My thoughts are generally in line with the conclusion. The growth in the rooftop solar market has come from right-sized installations that can be put up in a day or two by a small crew. Minimizing crew and paperwork costs is important when quoting solar competitively; plus it reduces the complexity of operations at headquarters.
Cheaper installations generally win, especially when the homeowner receives a credit on the install for its projected or actual power generation (only federal credits tended to scale proportionally to the install cost.) This cost pressure has been hard for premium flat panel installers, which are in turn cheaper than Tesla was.
As acceptance of rooftop solar has grown, comfort with its aesthetics has also increased, reducing the need for solar that hides its nature.
In Australia solar panels are so ubiquitous I don't think you'd even notice them. They just blend in as much as any other functional part of a house.

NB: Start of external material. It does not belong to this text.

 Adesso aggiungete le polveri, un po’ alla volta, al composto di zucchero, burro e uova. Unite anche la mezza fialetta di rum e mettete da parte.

And this is probably the core issue. Solar Roof was trying to be a roofing product, an energy product, and a design product all at once
This is also representative of Tesla’s stagnation as a company. They essentially have not made a new product since the Model Y came out. No, the Cybertruck doesn’t count, I don’t think we can even consider that a product brought to completion in terms of being an automobile of acceptable market competitiveness.
They are struggling in China which is pretty insane considering their head start in that country.

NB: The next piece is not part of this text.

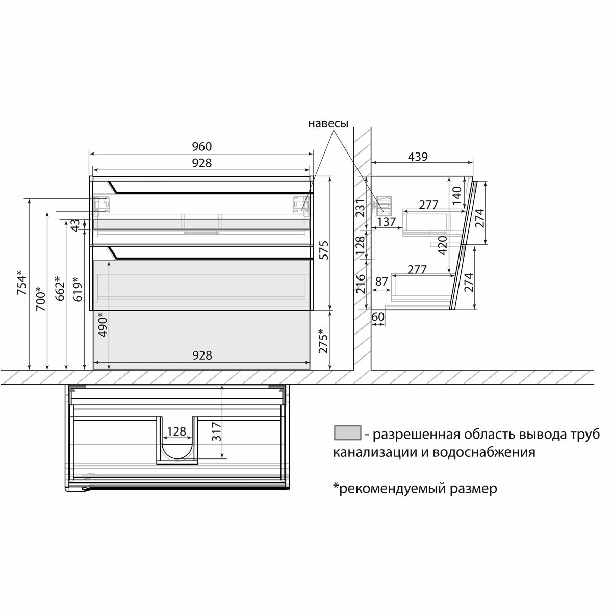 - Габариты корпуса тумбы (ШхВхГ): 960х575х439 мм.

Clearly the solar roof idea could have been iterated on and made to make more financial sense. I think they could have built it into a panel solution that integrates a standard steel roof.
But again, what it looks like to me is that Tesla hasn’t actually been able to put real money and effort into any products at all. I think all their best people quit, and their leadership is distracted and ineffective.
I think the pattern is less "Tesla can't invent anymore" and more that the company seems much worse at turning ambitious concepts into mature, supported products
Nothing destroys the idealism of a company like its CEO doing Nazi salutes on television.
Wait, is HN still pretending that didn't happen?
Rooftop solar should be more heavily incentivized.
From a disaster situation/civil defense perspective, it provides offgrid durability to communities, and it could be life or death in cold waves or heat waves.
For all the utility companies complaining about EV and alt energy infrastructure adaptation... well, fine, then let consumer PV do a large part of the work. Oh wait, did someone say consumer choice? The utility companies shut up real fast.
So it also counterbalances the political power of utility companies, who are no longer a monopoly, and provides economic competition so utilities can't jack rates if corporate/industrial/(ahem, AI) starts increasing demand and prices.